At least the rain stayed off. We eventually got back to the van and I changed hastily. I had clocked up over 19 miles of off road fun. Mary was still very full of (coffee) beans and when we got home (via Tescos) I still had just enough energy to tackle the washing machine and fit the new solenoid. We crossed fingers and held breath and spent most of the first wash standing watching, in case it threw up in the hall (there's a lot of it about currently.) Remarkably it seems to be fixed. We even left the water on all night! I have been feeling very proud and manly about the whole thing although it was very much a team effort as Mary did the research and got the project going. (And found out how to get the lid off! The internet is a marvellous thing.) Glad not to be adding ours to the mountain of dead white goods at Seafield council tip.

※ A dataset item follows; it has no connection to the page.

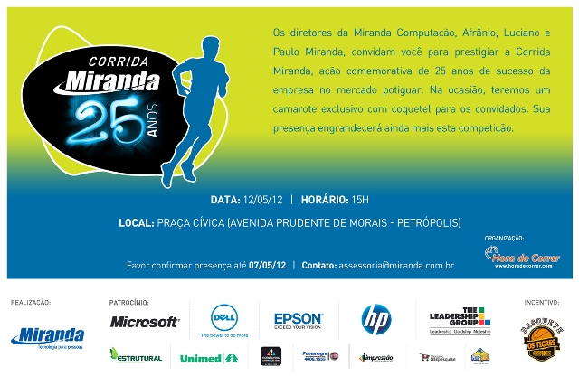 Neste ano a Miranda Computação comemora seus 25 anos no mercado potiguar e, no calendário de comemorações, a empresa prepara uma corrida de rua para o dia 12 de maio. Organizada pela Hora de Correr, a Corrida Miranda 25 anos, contará com provas de 5 e 10Km e largada e chegada na Praça Cívica de Natal, na Avenida Prudente de Morais, iniciando às 15h.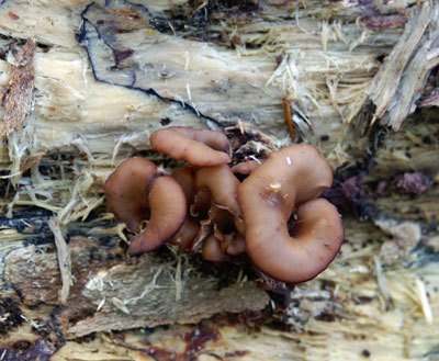 Bruine anijszwam of Lentinellus cochleatus, op loofhout, meestal van beuk, soms ook eik.

Sometime later and I go into the kitchen to get something to eat and drink and Mary is practising yoga on a mat in the living room, Indian music playing, incense burning. Is it Mary's dope that is making me imagine the story of our lives remade as a holywood film 40 years ago. Walter Matthau enters the large New York studio apartment and gets a beer from the fridge. “I hate christmas,” he grumbles to himself. Glenda Jackson gets up from lying on a yoga mat (with a cigarette holder dressed as women in love 20s flapper.) “Have you seen my Deepak Chopra?”
“I think I caught a glimpse of it when I came in.”